Marc Chapman is three time world champion crazy golf, but before he became passionate about it, he was part of the mainstream: playing mini golf or crazy golf as a child. For a British youngster, that means playing at courses in those typical seaside towns. Until in later years Chapman found out he’s pretty good at it. “I was playing a little bit of golf, but I didn’t had the time to play every week or weekend. I discovered mini golf reading about this World Championship every year in Hastings. I found out there were more people playing this game for fun. So I thought: ‘I can do this, play some tournaments, maybe win a little money’. And then it became a little bit of an obsession: I started to win small tournaments and when I did that, it’s about winning big tournaments, and then it’s about how many big tournaments can I win and then yeah, well, look where it is now…”
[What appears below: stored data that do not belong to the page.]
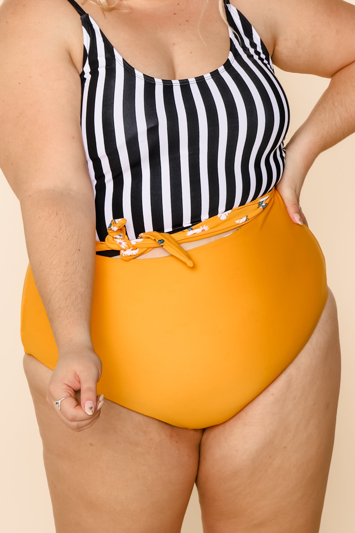 This high-rise cut offers gentle support through the midsection while creating a flattering, balanced shape.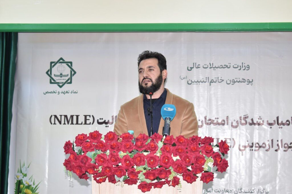 در ادامه برنامه، آقای داکتر گللاله تاجیک، اولنمرۀ امتحانات شورای طبی سال ۱۴۰۲ در رشته ستوماتولوژی، بهعنوان یکی از مهمانان ویژه سخنرانی کرد. او با بیان تجربیات شخصی خود، از نقش استادان، برنامههای تحصیلی منسجم و فضای علمی پویای پوهنتون در موفقیت تحصیلیاش قدردانی نمود.
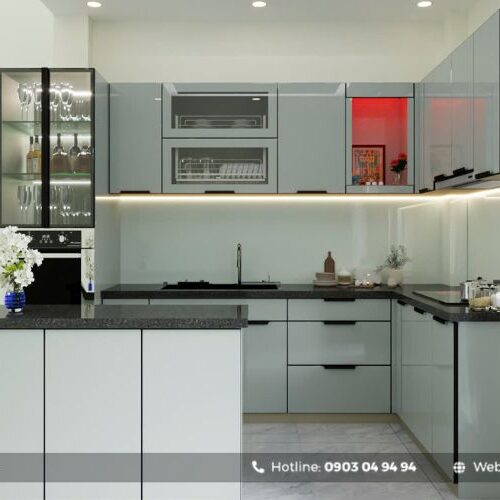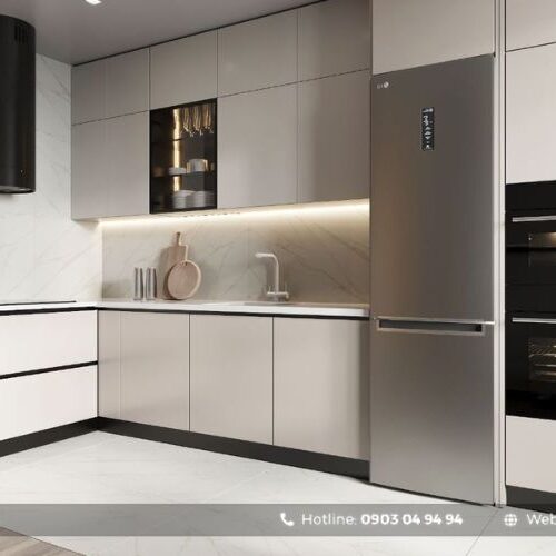 Sự kết hợp này không chỉ tạo nên một sản phẩm đẹp mắt mà còn đáp ứng yêu cầu tiện dụng, giúp không gian bếp trở nên hiện đại và tiện nghi hơn.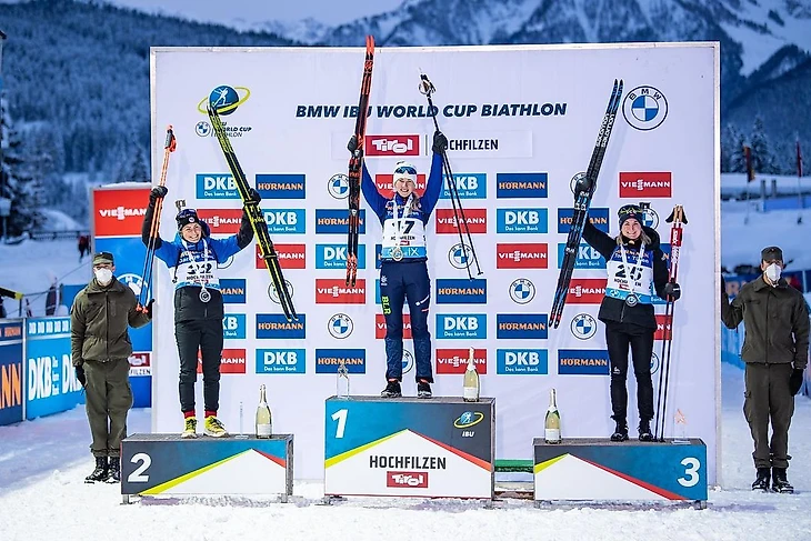 Подиум в спринте на третьем этапе в Хохфильцене: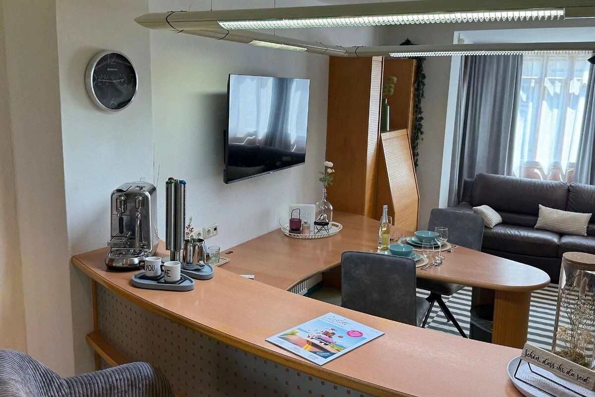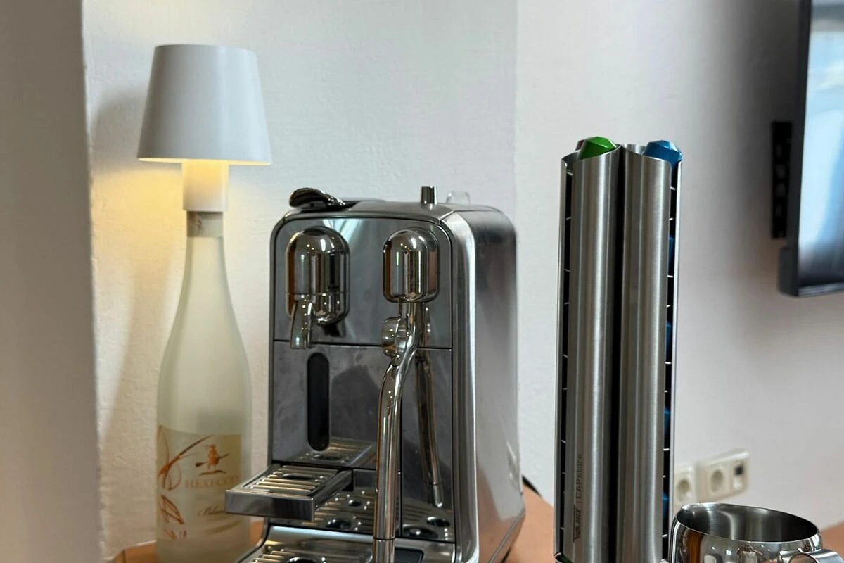 • Barbereich: Hier erwarten Sie zwei stylische Hocker und eine Sage Nespresso Kaffeemaschine. Kaffeekapseln sind vor Ort gegen Gebühr erhältlich, damit Sie Ihren Morgenkaffee in vollen Zügen geniessen können.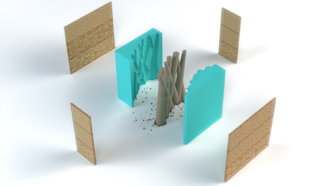 EARTHGRID, is a ventilated and shading facade. Having has base the image of the natural organization of the trees in the forest it comes out the idea of an identic composition with constructive purposes. The trunks, being a structural element of the tree, emerges in a structure that intends to be an integral part of a habitation or a public space. It contains in itself permeable characteristics that articulate with the space, the isolation and ventilation (working like a separation, a division between spaces).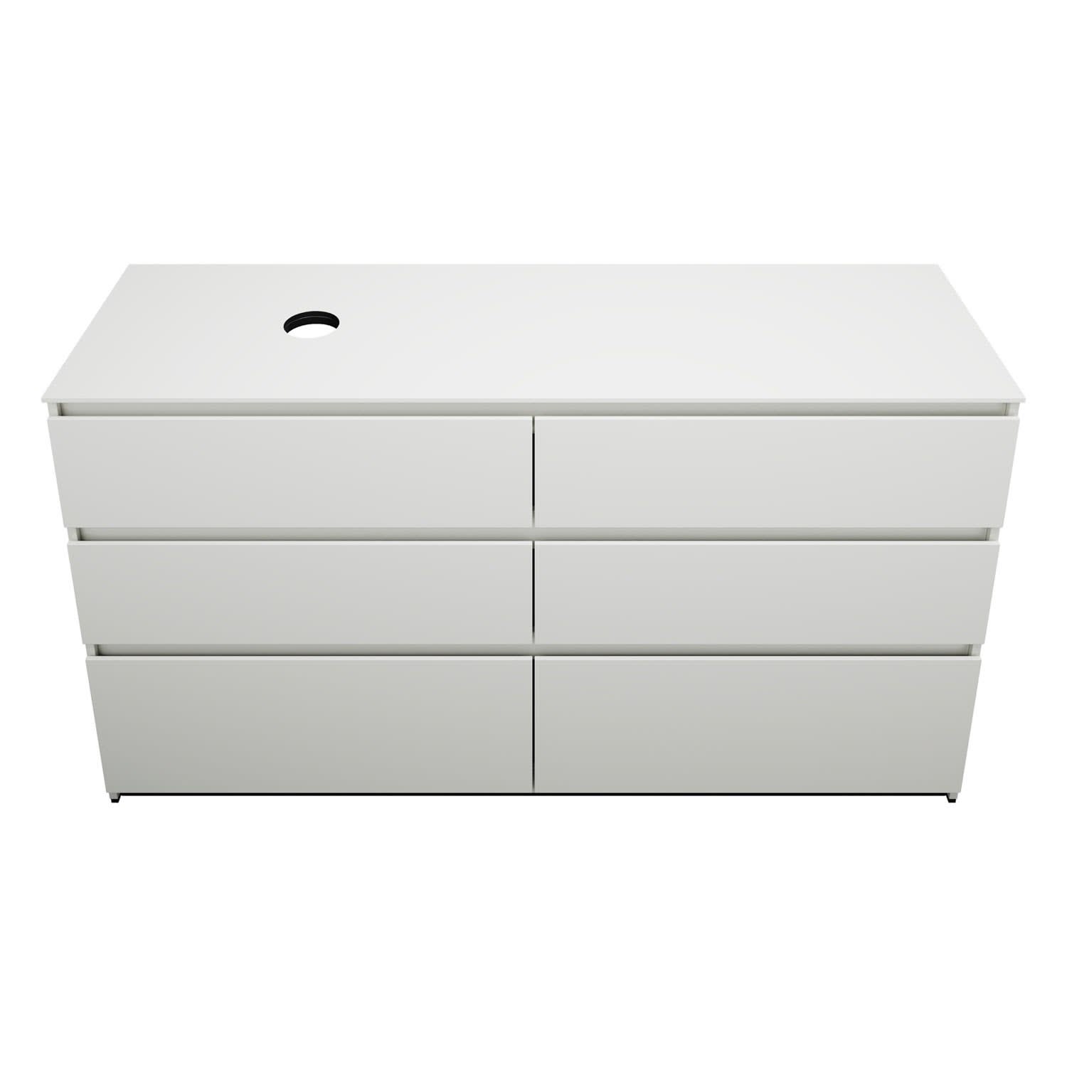 burgbad Lin20 Waschtischunterschrank mit Konsolenplatte 160 cm, 6 Auszüge, Beckenausschnitt links

The World Crazy Golf Championship is played each year at the course in Hastings, South East coast of England. An adventurous course like there are quite a few in the UK. That’s where it distinguishes itself from Europe. “There’s a disconnect between the world game of mini golf and the UK’s idea of crazy golf”, says Chapman (34), who helps the mini golf governing body to develop more global reach for the sport, trying to make the connection between the UK and the European sport. “In for example Germany, Austria, Sweden, they have standardized courses of concrete material (or fiber grass or Swedish felt). Wherever you go, it’s the same eighteen holes. Whereas in Britain it’s more adventure golf, family fun. Those European courses? They don’t exist in the UK.”
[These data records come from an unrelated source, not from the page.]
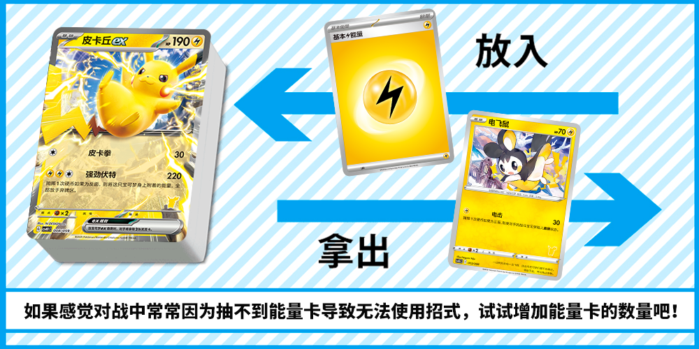 • 放入宝可梦使用招式所需要的能量卡吧!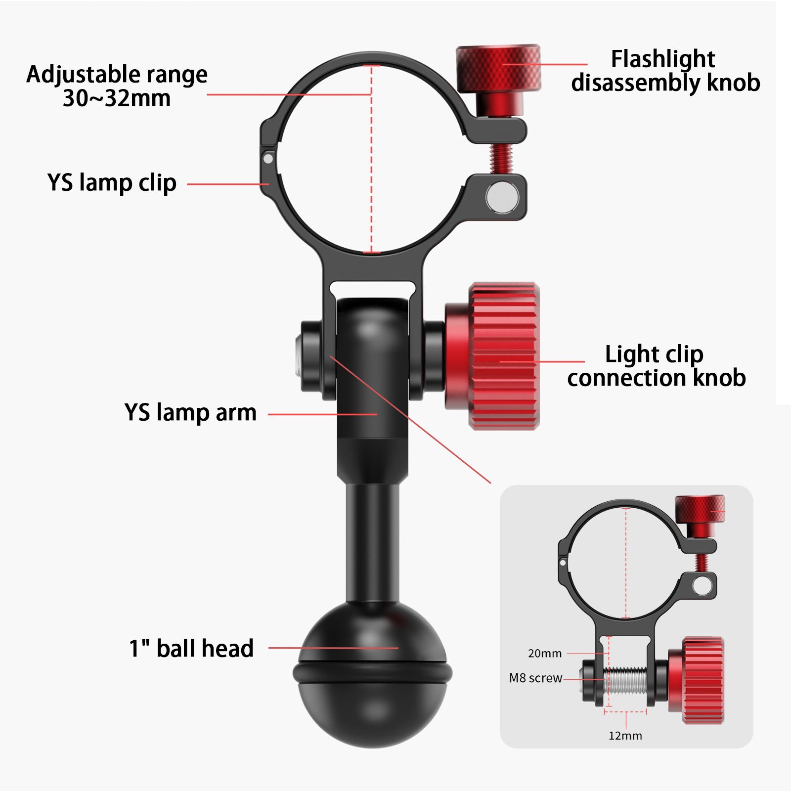 LetonPower 1" Ball Head to YS Clamp Dive Light Adapter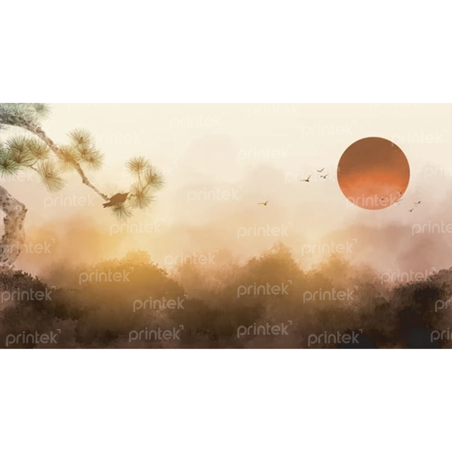 Tranh thuỷ mặc mặt trời đỏ - ST4488

As a result players like Chapman don’t get great results if they play in Europe. “We play on courses we’re not used to. The Americans have the same problem. They are good players, good putters, mentally very strong, but they don’t have the experience on those types of courses. We had a World Championship in China a couple of years ago. Turns out they built the European style of courses, ha ha, so that wasn’t good for us.”
Talking about differences: a golfer switches his club, depending on which hole they are and which tactics they have devised. A mini golfer does the same, but then it’s all about the balls. “Yeah, we play with different balls. Not at the World Crazy Golf Championships, everyone plays with one ball, but at other tournaments the type of ball you play with is very important”, says the world champion. “Balls are different in weights, sizes, hardness. The most important for us is that they bounce different heights. That gives us more options. If I have a bouncy ball, I can play off the walls, or two walls. It becomes a little bit of pool or snooker.”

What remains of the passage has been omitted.